How sad it makes me feel sometimes that the family has shrunk instead of grown. Ah well... such is life.
To all of you a hug if you want one, a smile and a kiss if you like, and I will see you tomorrow.
Love to ALL....
Deanna XXXXX

AnninGlos

AnninGlos Report 30 Jul 2010 12:12

Hello Eileen, how lovely to see you. Sorry that you are under the weather and I hope that when you start the meds again you will feel better.
How sad for your son in law, his mother has a lot to contend with and, no doubt he doesn't normally see much of her.
What an awful storm that was in that village, I think we heard about storms on the continent. We had a lot of gale force winds here but nothing as bad as that.
Anywa, as I said, good to see you and I hope you will pop in again to see us soon.

Mary, I do hope that they can do something to help your son's girl friend and relieve the pain poor girl.
Lovely that the girls are enjoying camp and that you have had the opportunity to yet again be busy busy.
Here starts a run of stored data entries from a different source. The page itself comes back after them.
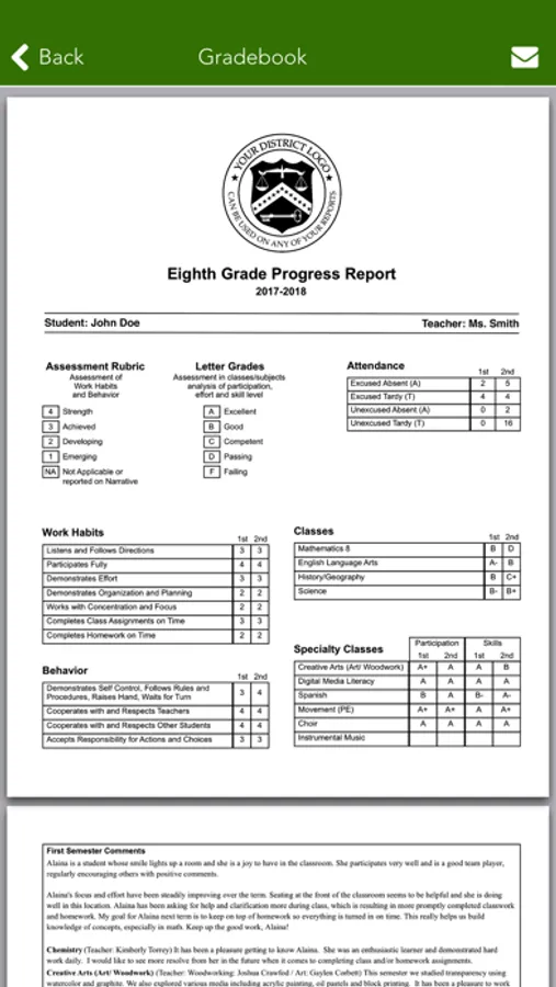 Your student's data will only appear if your child's teacher is using Report Card Maker. Ask your child's teacher if they are using RCM.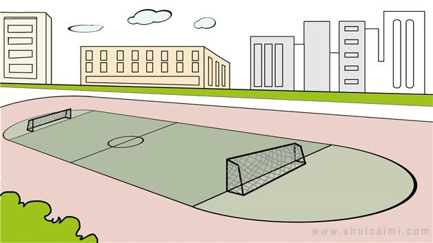 先将中央区域的足球园地涂上2种差其余浅绿色。再将外围的跑道涂上淡红色。再快要处植物和远处的草坪涂上翠绿色。再将远端的教学楼涂上差其余颜色。最后将飘散在天上的云朵涂上淡淡的天空色。这样,校园一角的运动场简笔画就画好了。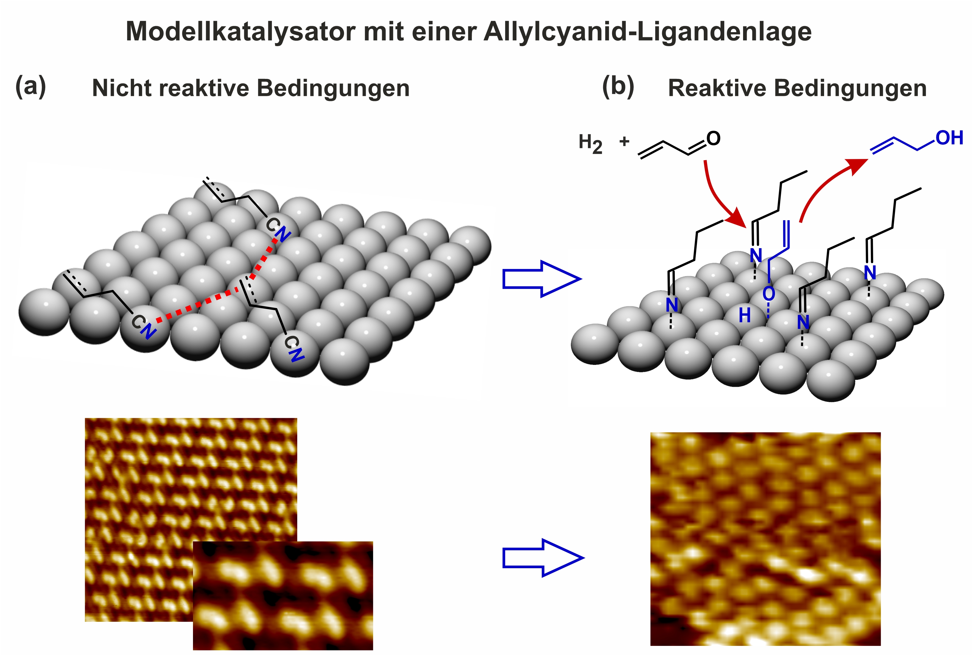 Bildunterschrift: Unter dem Rastertunnelmikroskop können die Chemikerinnen und Chemiker sehen, wie sich die Moleküle auf der Oberfläche ihres Katalysatormetalls im nicht-reaktiven Zustand (a) und unter reaktiven Bedingungen (b) unterscheiden. Das Modell zeigt, wie sich die chemische Zusammensetzung der Ligandenlage unter reaktiven Bedingungen verändert und so die Entstehung von Propenol begünstigt. © Swetlana Schauermann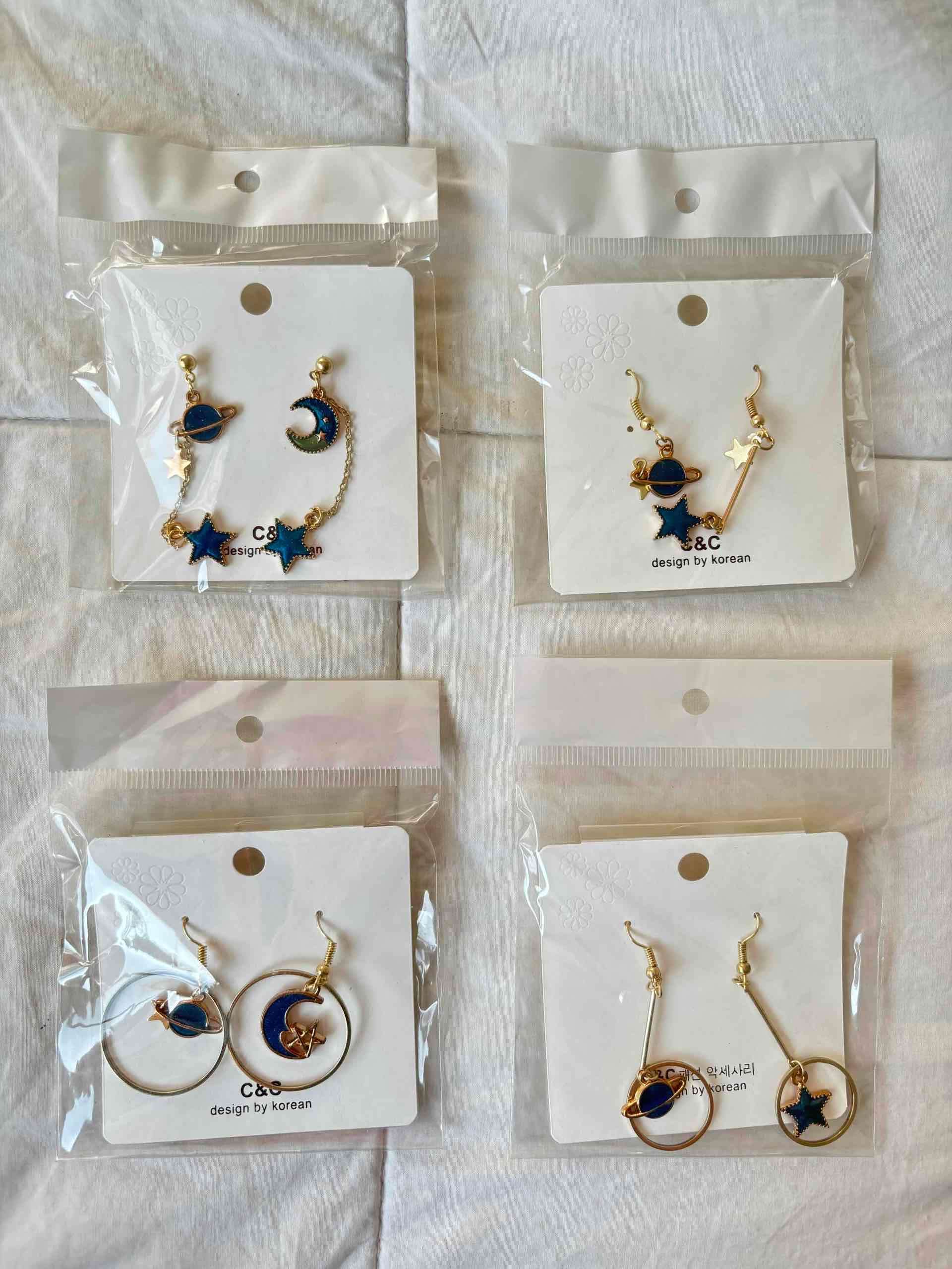 Aros con diseños inspirados en planetas y estrellas, completamente nuevos a $2.000 cada uno y el set completo a $5.000. Se hacen entregas en metro a convenir o envíos por pagar por la aplicación.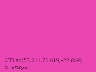 CIELab 57.244,72.619,-22.869 Color is a normal magenta color and the nearest color is Frostbite #e936a7. Hex code #eb45b3 and RGB value is rgb(235,69,179). In RGB color space, this color is composed of 92% red, 27% green, 70% blue, In CMYK color space, this color is composed of 0% cyan, 71% magenta, 24% yellow , 8% black , In HSL color space, this color has a hue angle of 320° , 81% saturation and 60% lightness.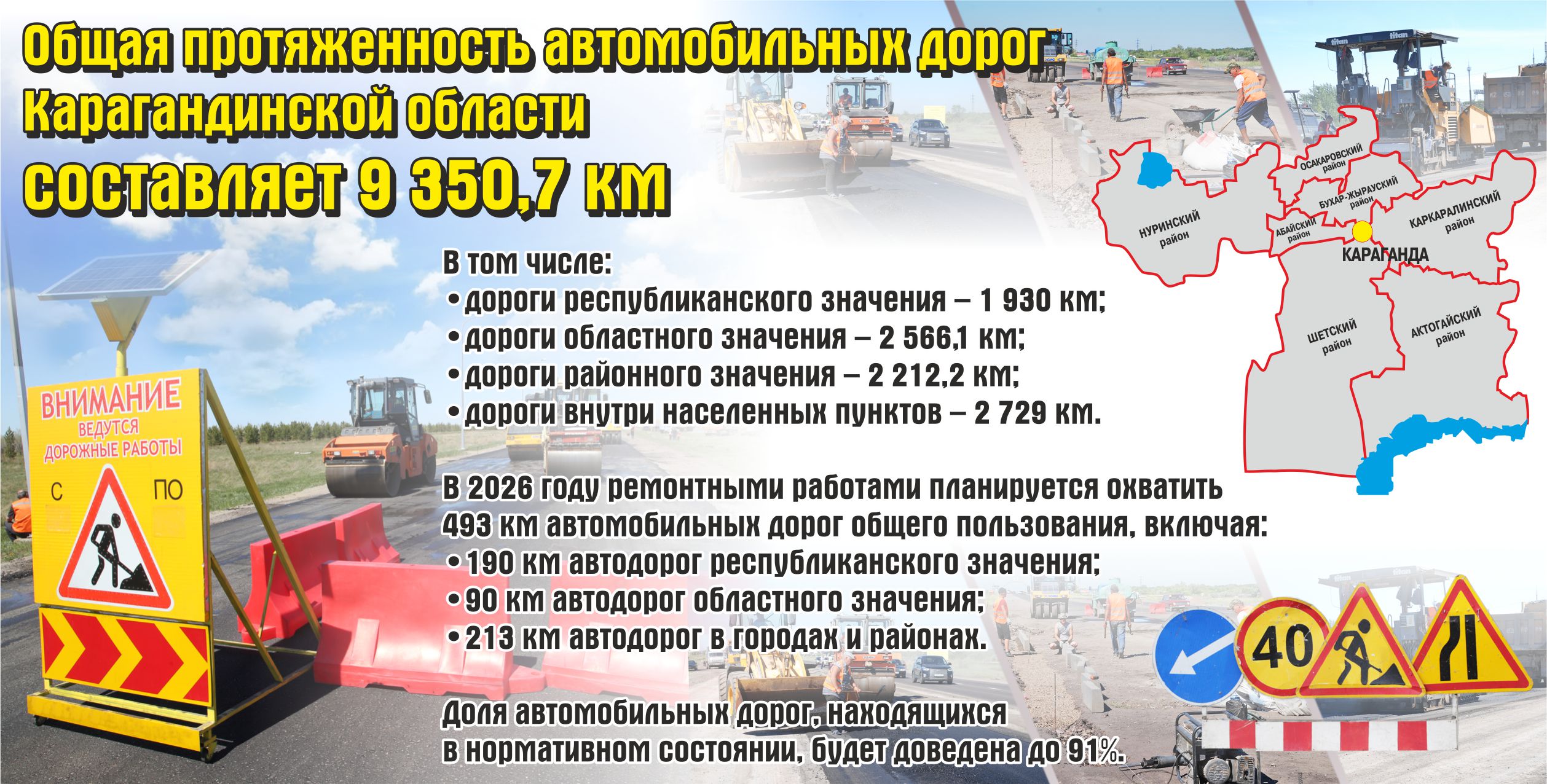 В Карагандинской области продолжается комплексная модернизация автомобильной инфраструктуры. В нынешнем и ближайшие годы реализуются проекты реконструкции, капитального и среднего ремонта автомобильных дорог республиканского и областного значения, а также мостов и путепроводов.

No rest for you is there?
Had to chuckle at Gareth, he does like the water doesn't he? But he obviously understood that he would get no more boat ride if he disobeyed. And good that he was exhausted by it all, no doubt it slowed him down a bit.

Deanna, glad you enjoyed time with the family, always good to see them. I used to puzzle over this when my Dad used to always be so keen to have the family all together, wasn't worried about it when I was younger. Now I understand where he was coming from.